By using the memory dependence predictor to keep most dependent loads and stores in order, the processor gains the benefits of aggressive out-of-order load/store execution but avoids many of the memory dependence violations that occur when loads and stores were incorrectly executed. This increases performance because it reduces the number of pipeline flushes that are required to recover from these memory dependence violations. See the memory disambiguation article for more information on memory dependencies, memory dependence violations, and recovery.

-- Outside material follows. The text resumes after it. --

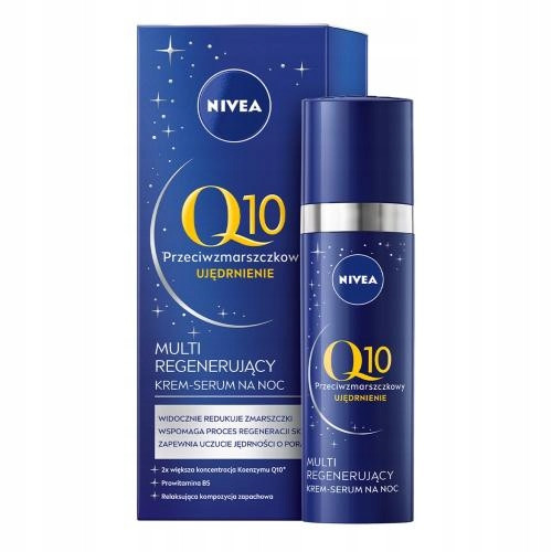 NIVEA Q10 Ujędrnienie Multi regenerujący krem na noc pomaga skórze jak najlepiej wykorzystać czas snu do intensywnej regeneracji. Krem do cery aktywnie zwalcza procesy starzenia się, widocznie nawilża i odmładza skórę.

In general, memory dependence prediction predicts whether two memory operations are dependent, that is, if they interact by accessing the same memory location. Besides using store to load (RAW or true) memory dependence prediction for the out-of-order scheduling of loads and stores, other applications of memory dependence prediction have been proposed. See for example. [1]

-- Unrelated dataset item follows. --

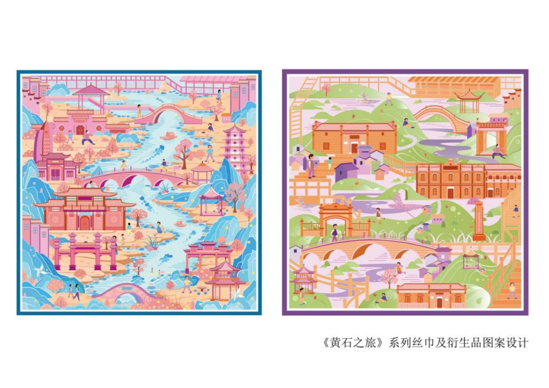 本作品(图二)灵感来源于黄石的红色景区与自然风景,将红三军团革命旧址龙港革命旧址、大冶兵暴旧址、鄂东南革命烈士陵园、下陆机修厂工人俱乐部、大箕铺镇曹家晚村革命旧址等景区与山水河流小桥亭子相搭配。

Memory dependence prediction is an optimization on top of memory dependency speculation. Sequential execution semantics imply that stores and loads appear to execute in the order specified by the program. However, as with out-of-order execution of other instructions, it may be possible to execute two memory operations in a different order from that implied by the program. This is possible when the two operations are independent. In memory dependence speculation a load may be allowed to execute before a store that precedes it. Speculation succeeds when the load is independent of the store, that is, when the two instructions access different memory locations. Speculation fails when the load is dependent upon the store, that is, when the two accesses overlap in memory. In the first, modern out-of-order designs, memory speculation was not used as its benefits were limited. Αs the scope of the out-of-order execution increased over few tens of instructions, naive memory dependence speculation was used. In naive memory dependence speculation, [2] a load is allowed to bypass any preceding store. As with any form of speculation, it is important to weight the benefits of correct speculation against the penalty paid on incorrect speculation. As the scope of out-of-order execution increases further into several tens of instructions, the performance benefits of naive speculation decrease. To retain the benefits of aggressive memory dependence speculation while avoiding the costs of mispeculation several predictors have been proposed.

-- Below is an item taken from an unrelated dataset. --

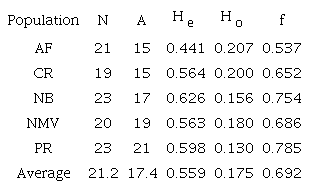 In this study, all loci presented f values above 0.22, indicating excess of homozygotes in the populations, according to Azevedo et al. (2007), the fixation index value varies between -1 and +1, positive values indicate excess homozygote, negative values excess of heterozygotes and zero is the value found for a population in Hardy-Weinberg equilibrium.

Selective memory dependence prediction [2] [3] stalls specific loads until it is certain that no violation may occur. It does not explicitly predict dependencies. This predictor may delay loads longer than necessary and hence result in suboptimal performance. In fact, in some cases it performs worse than naively speculating all loads as early as possible. This is because often its faster to mispeculate and recover than to wait for all preceding stores to execute. Exact memory dependence prediction was developed at the University of Wisconsin–Madison. Specifically, Dynamic Speculation and Synchronization [2] [3] delays loads only as long as it is necessary by predicting the exact store a load should wait for. This predictor predicts exact dependences (store and load pair). The synonym predictor [1] groups together all dependences that share a common load or store instruction. The store sets [4] predictor represents multiple potential dependences efficiently by grouping together all possible stores a load may depend upon. The store barrier [5] predictor treats certain store instructions as barriers. That is, all subsequent load or store operations are not allowed to bypass the specific store. The store barrier predictor does not explicitly predict dependencies. This predictor may unnecessarily delay subsequent, yet independent loads. Memory dependence prediction has other applications beyond the scheduling of loads and stores. For example, speculative memory cloaking [1] and speculative memory bypassing [1] use memory dependence prediction to streamline the communication of values through memory.

Analogy to branch prediction

Memory dependence prediction for loads and stores is analogous to branch prediction for conditional branch instructions. In branch prediction, the branch predictor predicts which way the branch will resolve before it is known. The processor can then speculatively fetch and execute instructions down one of the paths of the branch. Later, when the branch instruction executes, it can be determined if the branch instruction was correctly predicted. If not, this is a branch misprediction, and a pipeline flush is necessary to throw away instructions that were speculatively fetched and executed.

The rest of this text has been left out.